Perhaps a future article might provide an assessment of the teaching of African American Studies at these institutions. It is something that needs to be written about.
E. Ethelbert Miller
African American Research Center
I was quite delighted to see that the May 11 issue of your publication included an article on the increasing numbers of African American leaders who are opting to head historically Black colleges over predominantly White institutions.
I was chagrined when I realized that Dr. Ernest McNealey, president of Stillman College, had not been included.
In July of 1997, Dr. McNealey became president of Stillman after several years with the State University of Stony Brook, where he served as first associate vice provost for undergraduate studies and later as dean of undergraduate academic affairs. In the 33 months that Dr. McNealey has been at Stillman, his depth of knowledge and experience in higher education have shaped a new Stillman College.

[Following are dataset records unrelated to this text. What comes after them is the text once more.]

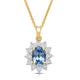 Jewelili 18K Yellow Gold over Sterling Silver 7x5 MM Oval Genuine Swiss Blue Topaz and 1/20 Cttw Natural White Round Diamond Pendant Necklace
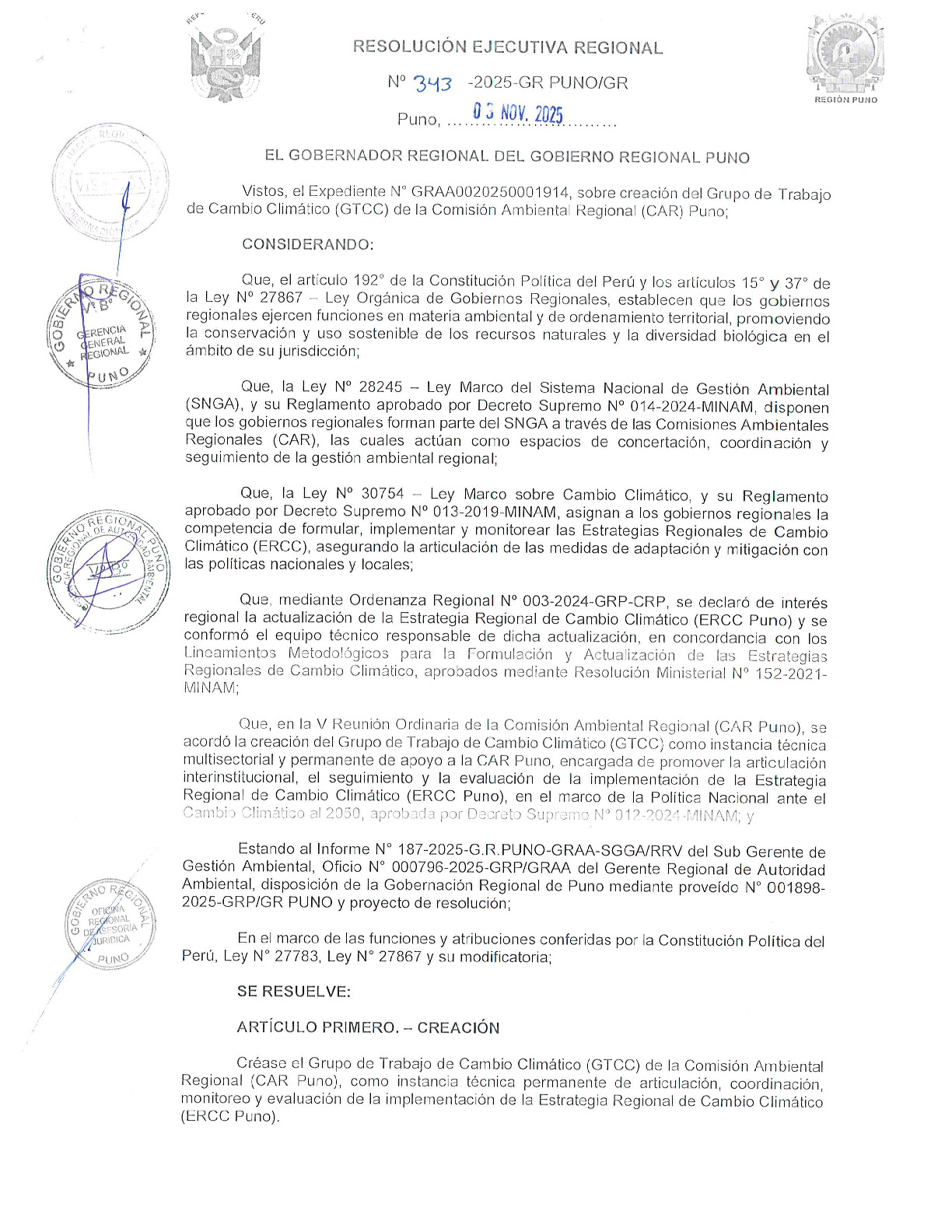 Créase el Grupo de Trabajo de Cambio Climático /GTCC) de la Comisión Ambiental Regional (CAR Puno), como instancia técnica permanente de articulación, coordinación, monitoreo y evaluación de la implementación de la Estrategia Regional de Cambio Climático (ERCC Puno).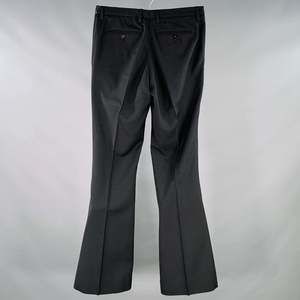 in a black wool featuring a flat front style, flared leg, and zip fly closure.Excellent Pre-Owned Condition.

Since July 1997, two new buildings and a stadium have been built, a new residence hall is under construction, the endowment has risen by $3 million, enrollment has risen by 43 percent, salaries have increased, academics have been strengthened, football and marching bands have been added and alumni have renewed their commitment to their alma mater.
These are only a few of the highlights of Dr. McNealey’s tenure to date. To have overlooked Dr. McNealey in this article was a gross oversight that deserves corrective action.
I look forward to enjoying future editions of Black Issues In Higher Education.